# Available records
━━━━
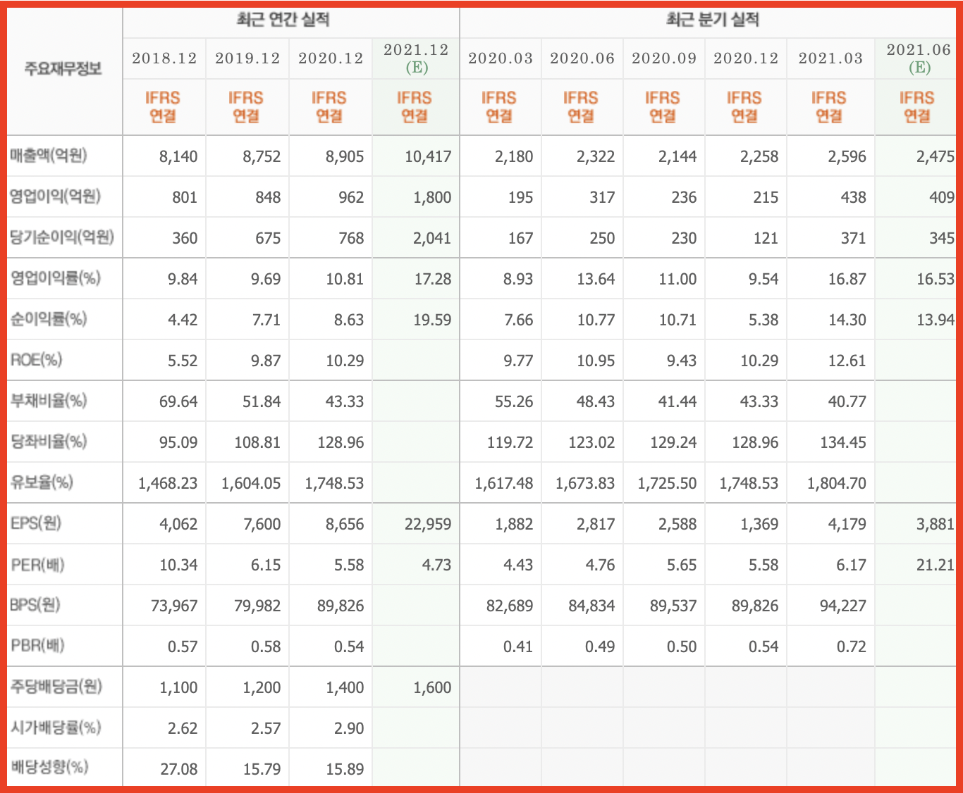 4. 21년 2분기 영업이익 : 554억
━━━━
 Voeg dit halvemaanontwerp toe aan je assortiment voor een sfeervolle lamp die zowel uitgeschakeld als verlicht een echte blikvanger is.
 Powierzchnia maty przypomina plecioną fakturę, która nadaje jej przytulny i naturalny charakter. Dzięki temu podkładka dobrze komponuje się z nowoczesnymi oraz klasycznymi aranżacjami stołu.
━━━━
# Task brief
Give again exactly, and only, the lines above starting at the one with "Voeg dit halvemaanontwerp" and ending at the one with "Powierzchnia maty przypomina".

# Answer to this task
 Voeg dit halvemaanontwerp toe aan je assortiment voor een sfeervolle lamp die zowel uitgeschakeld als verlicht een echte blikvanger is.
 Powierzchnia maty przypomina plecioną fakturę, która nadaje jej przytulny i naturalny charakter. Dzięki temu podkładka dobrze komponuje się z nowoczesnymi oraz klasycznymi aranżacjami stołu.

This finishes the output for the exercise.